NAME
tarpitd.py - making a port into tarpit
SYNOPSIS
tarpitd.py [-h] [-r RATE] [-c [FILE]]
[-s PATTERN:HOST:PORT [PATTERN:HOST:PORT ...]] [--manual]
DESCRIPTION
tarpitd.py listens on specified network ports and purposefully delays or troubles clients that connect to it. This tool can be used to tie up network connections by delivering slow or malformed responses, potentially keeping client connections open for extended periods.
OPTIONS
-c, --config FILE
Load configuration from file.
-s, --serve PATTERN:HOST:PORT [PATTERN:HOST:PORT ...]
Start a tarpit pattern on the specified host and port.
The name of PATTERN is case-insensitive. For a complete list of supported patterns, see the “TARPIT PATTERN” section below.
-r RATE, --rate-limit RATE
Set data transfer rate limit. Tarpits pattern has their own defalut value.
A positive value limits the transfer speed to RATE bytes per second. A negative value causes the program to send one byte every |RATE| seconds (effectively 1/|RATE| bytes per second).
-t, --trace-client [FILE]
Log client access to FILE. Disabled by default.
The output is in jsonl format. Logs to stdout if FILE is left blank.

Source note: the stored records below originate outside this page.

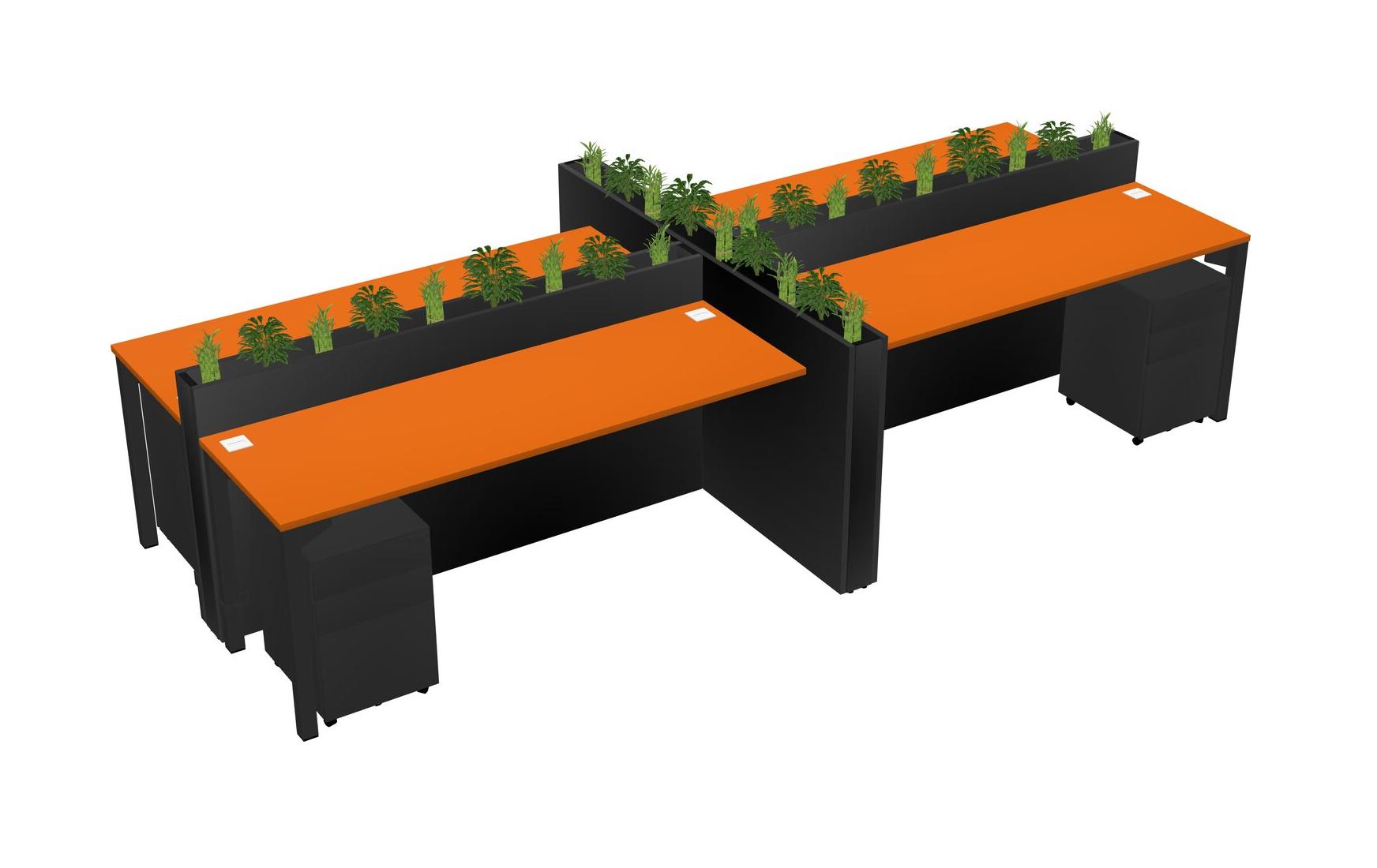 Orange Rectangular Shared Office Desk For 4 Persons Let Nature Help Flourish Your Productivity The Base Comes With An Adjustable Shelf To Provide Space For Pots (Pots & Plants Sold Separately)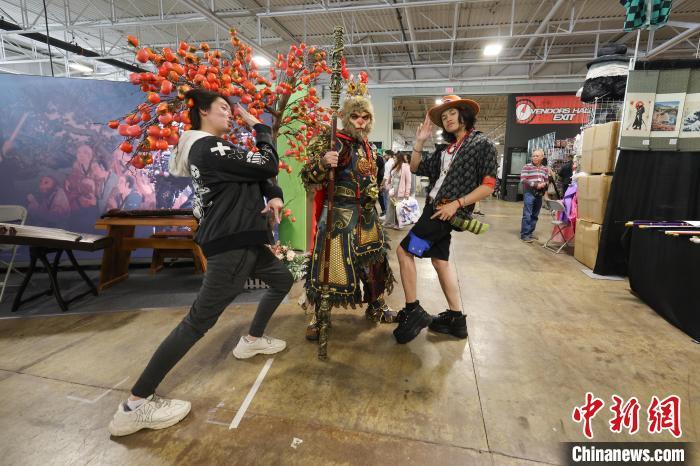 當(dāng)?shù)貢r(shí)間5月25日,加拿大多倫多,在北美動(dòng)漫節(jié)上,一位動(dòng)漫coser(角色扮演者)以中國(guó)國(guó)產(chǎn)游戲《黑神話:悟空》的悟空形象現(xiàn)身,吸引動(dòng)漫迷合影?!≈行律缬浾?余瑞冬 攝
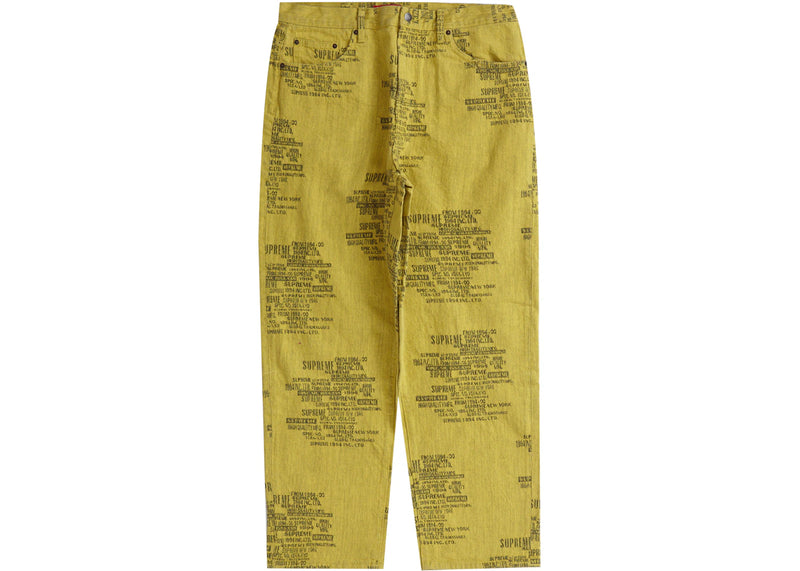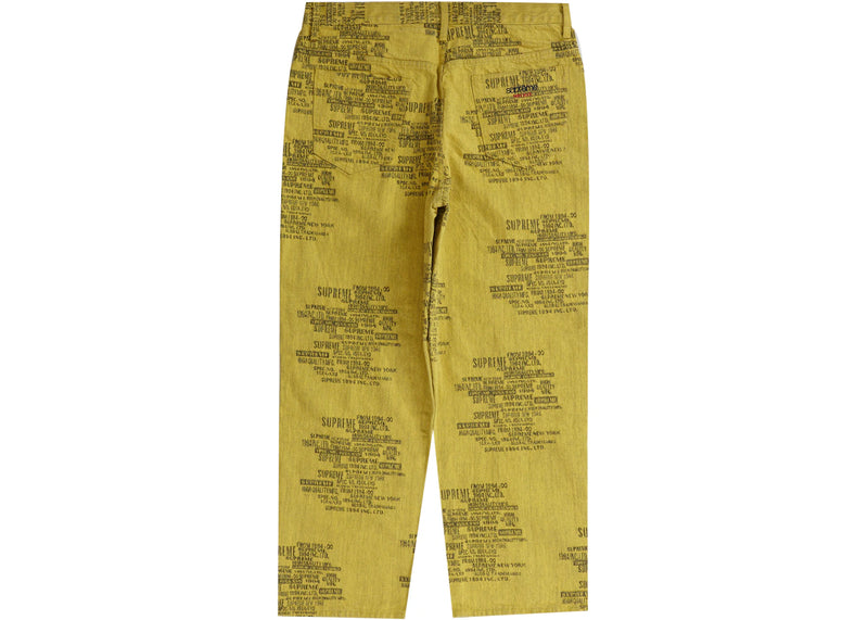 Supreme Trademark Jacquard Baggy Jean Washed Yellow

-e, --validate-client [{check, none}]
Examine the client before sending a response. Enabled by default. Use -e none to disable it.
The current implementation checks the first few bytes of the request to confirm that the client is using the corresponding protocol.
--manual MANUAL
Display the built-in manual page. By default, tarpitd.py will open tarpitd.py.1.
Available manual pages include:
- tarpitd.py.1 : Program usage
- tarpitd.conf.5 : Configuration file format
TARPIT PATTERN
HTTP
http_endless_header
Tested with: Firefox, Chromium, curl
Sends an endless stream of HTTP header lines (specifically, Set-Cookie:). Some clients will wait indefinitely for the header to end (or for a blank line indicating the end of the headers), while others (like curl) may have header size restrictions and close the connection once the limit is reached.
http_bad_site
Tested with: Firefox, Chromium
Responds to the client with a small HTML page containing many links and a dead-loop script. Browsers that support JavaScript will get stuck, and those links may cause crawlers to repeatedly pull the webpage.
http_deflate_html_bomb
Tested with: Firefox, Chromium
Sends a badly formed HTML document compressed using the deflate (zlib) algorithm. Most clients will consume significant CPU resources attempting to parse the malformed HTML.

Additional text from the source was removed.